UK businesses have been told in no uncertain terms that they should view tightening their credit procedures as a priority, in light of the fact that late payments now account for more credit insurance claims than insolvency.
Coface, a global credit insurance provider, has published statistics specifically for the UK, and relating to the period from the beginning of 2013 to the end of September.
They show that of nearly 600 credit insurance claims made to Coface by UK clients, 40% arose from customer insolvency, but 60% were due to ongoing customer defaults on amounts owed.
The 3:2 ratio is a major turnaround from the same period in 2012, when claims were weighted 2:1 towards insolvency; and in Q3 2013, the average claim due to prolonged non-payment was for almost £25,000.
Andrew Share, director of information, claims and collections for Coface UK, said: “Our findings reflect the national trend, in that the number of company insolvencies in England and Wales, [despite] rising by 10.5% in Q2, continues to decline since its peak in 2009 and, in Q3, was 2% lower than Q3 2012.”

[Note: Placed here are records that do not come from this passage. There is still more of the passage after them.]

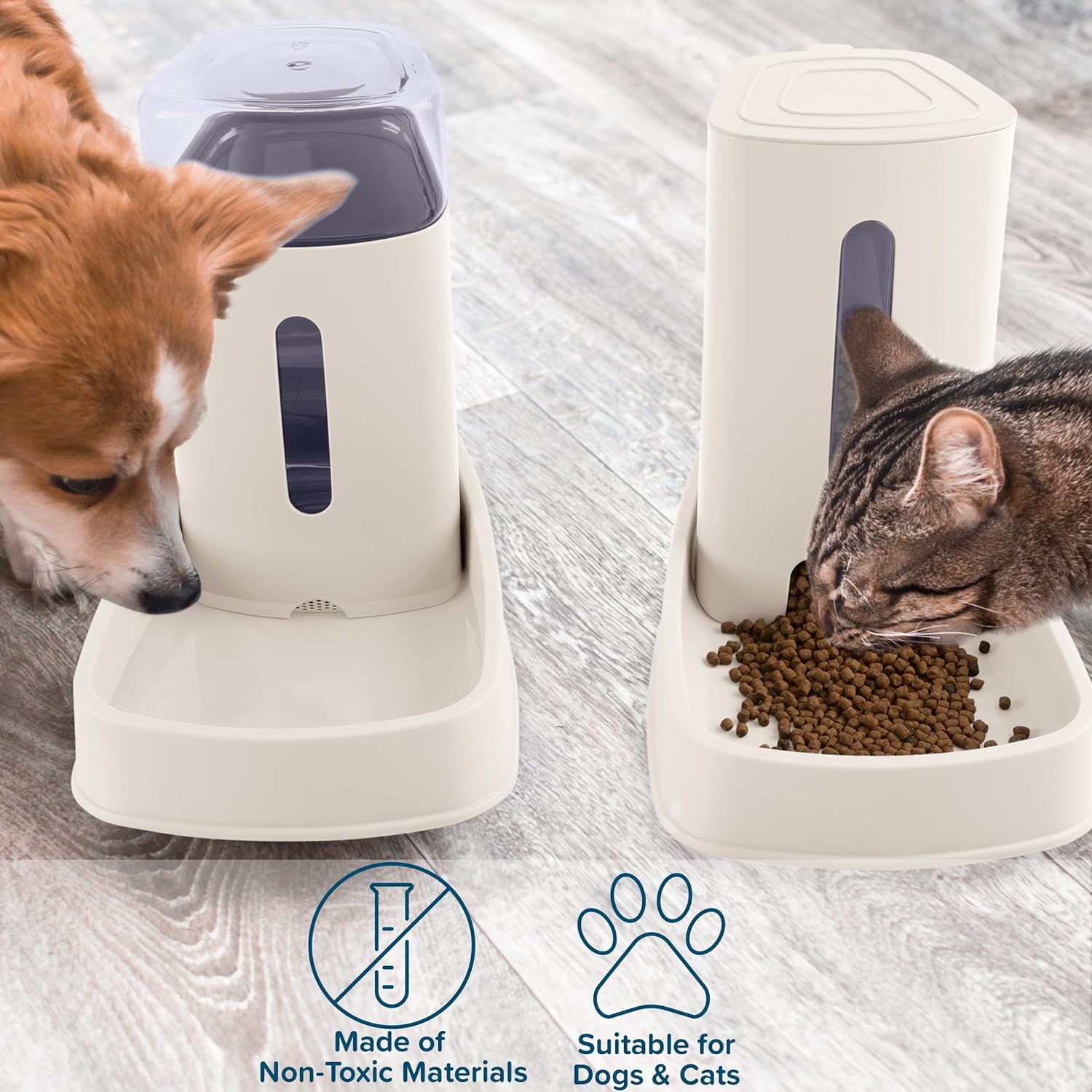 Automatic Cat Feeder and Water Dispenser – 2-Pack 3.8L/1G Pet Bowls – Gravity Automatic Cat and Dog Feeding Station – Pet Supplies by PETMAKER (White)
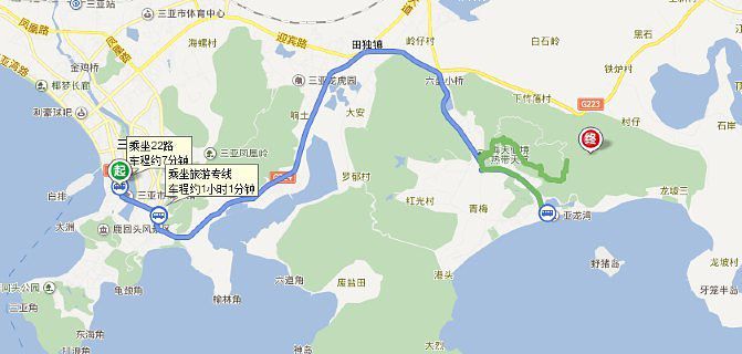 步行至海棠湾—乘坐23路公交车,在林旺下车—步行至迎宾路(三亚湾路)—乘坐旅游专线(大小洞天景区-亚龙湾)公交车,在海月广场下车—步行至南山景区
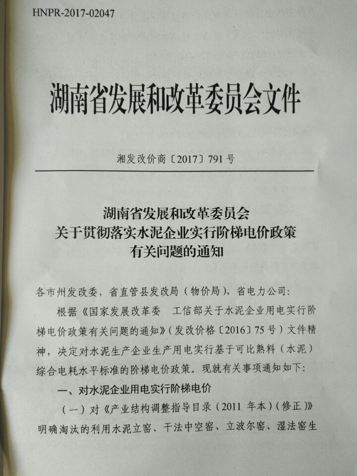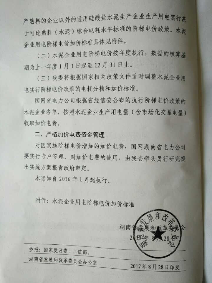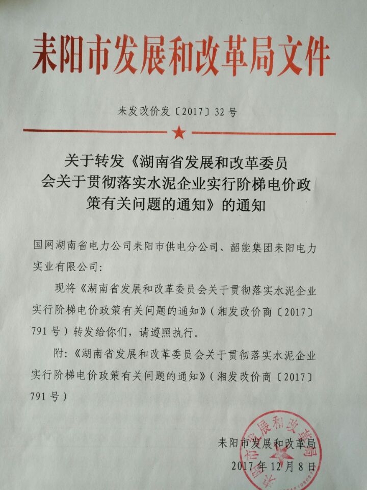 关于转发《湖南省发展和改革委员会关于贯彻落实水泥企业实行阶梯电价政策有关问题的通知》的通知
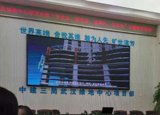 中建三局武汉中心项目党支部书记李江华介绍了武汉绿地中心项目的相关信息,并且展示项目的五个关键施工技术的视频,全面介绍了中建三局在超高层建筑施工中的最新技术。最后,土木工程与力学系党支部与会党员一起参观了在建的武汉第一高楼——武汉绿地中心,并与项目施工技术人员进行了专业技术交流。
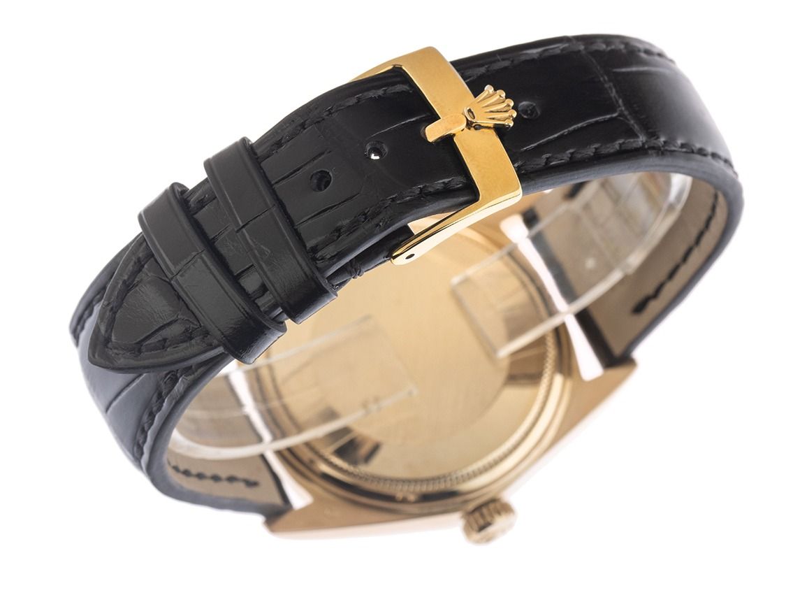 Gehäuse 18kt Gelbgold poliert und satiniert, Gehäusedurchmesser ohne Krone 36mm, Gehäusehöhe 12,6mm. Lünette 18kt Gelbgold geriffelt und poliert. Rolex Armband Krokoleder schwarz mit Ziernaht, Anstoßbreite 20mm, Rolex Stiftschließe Gelbgold vergoldet mit Hersteller-Logo. Zifferblatt Buckley Dial champagnerfarben mit schwarzen römischen Ziffern und gelbgoldenen Zeigern sowie gekröpfter Minuterie. Uhrwerk Automatik, Chronometer, Rolex Manufakturkaliber 1570 mit 26 Edelsteinen. Anzeige von Stunde, Minute und Sekunde über Zeiger aus der Mitte, Datumsanzeige unter Glaslupe bei 3 Uhr mit open 6/9 (offene 6 und 9 in der Datumsanzeige), Wochentagsanzeige in Englisch bei 12 Uhr. Plexiglas gewölbt. Krone verschraubbar mit Hersteller-Logo. Boden 18kt Gelbgold verschraubt. Gewicht der Uhr inklusive Armband 57g. Referenznummer: 1803, Gehäusenummer: 3456XXX, Baujahr: 1972, ID: P2361140000126H-15900, Artikelnummer: 10000084428. Mit Gangkontrolle und kompletter äußerlicher Aufarbeitung von Januar 2026. Original Rolex Box mit Umkarton und Beschreibung, Ledermäppchen, Rolex Block, Übersetzungsheft und Watchregister Auszug von Januar 2026, The Watch Register Zertifikat / ohne Eintrag (Internationale Datenbank für verlorene oder gestohlene Uhren). Superschnäppchen, Kapitalanlage mit Wertsteigerungspotential, sehr seltenes Sammlerstück. Sehr guter Zustand. Lieferzeit sofort.
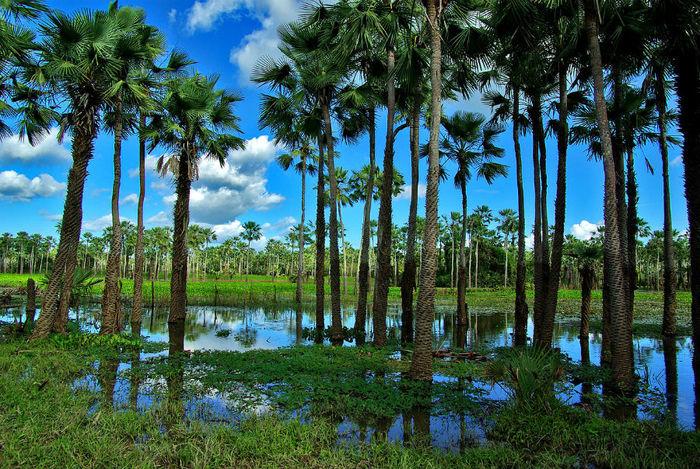 A Carnaúba (Copernicia prunifera) é nativa do Brasil e está mais presente nas regiões norte, principalmente em Tocantins, centro-oeste, em Mato Grosso, e em todos os estados do nordeste. Ela é uma planta perene, heliófila com um tronco simples, ereto, com numerosas folhas no seu topo. Suas folhas são em forma de leque, palmadas, cor cinza-esverdeada e cerosa na face inferior.
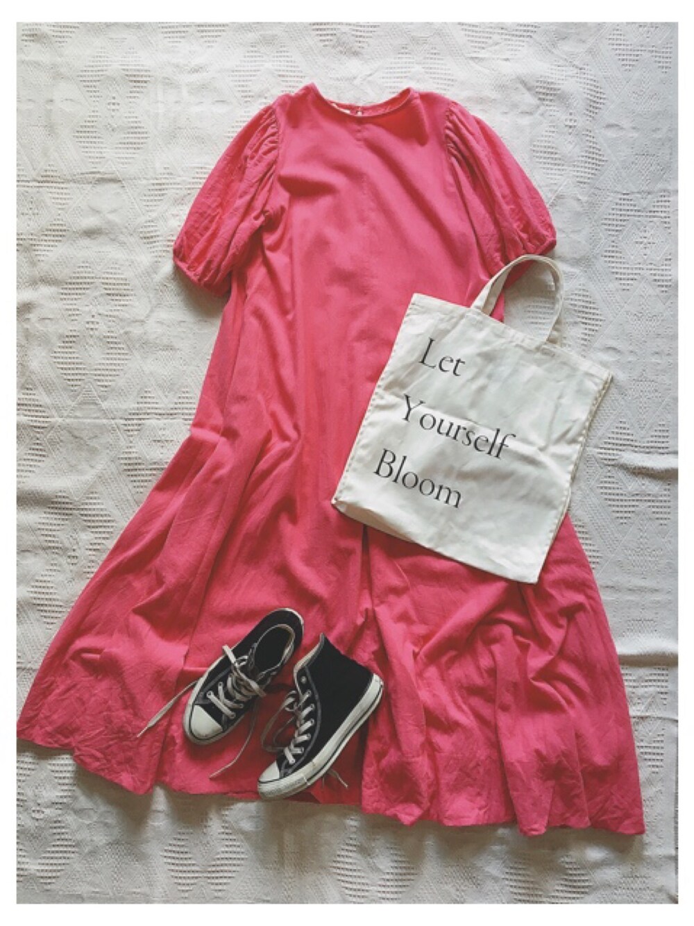 再販で買えたtadoのSARA DRESS、メキシカンピンク可愛いいいい‥ 土曜日は天気良かったし一枚着でぴったりでした。

Improving credit conditions and low interest rates are cited as factors helping more companies to survive – even if they are only ‘treading water’ without the funds to invest or grow – but this in itself is leading more to try to hold on to funds for longer, rather than paying promptly.
With the average claim for non-payment coming in at just less than £25,000, Coface say there are relatively few companies able to bear the blow of not receiving this kind of sum when it is expected.
In a related eight-point guide on protecting against non-payment, Coface repeatedly recommend researching clients before extending a line of credit to them, including estimating their likelihood of defaulting, setting their credit limit accordingly, and taking in-house or outsourced action promptly to pursue any late payments.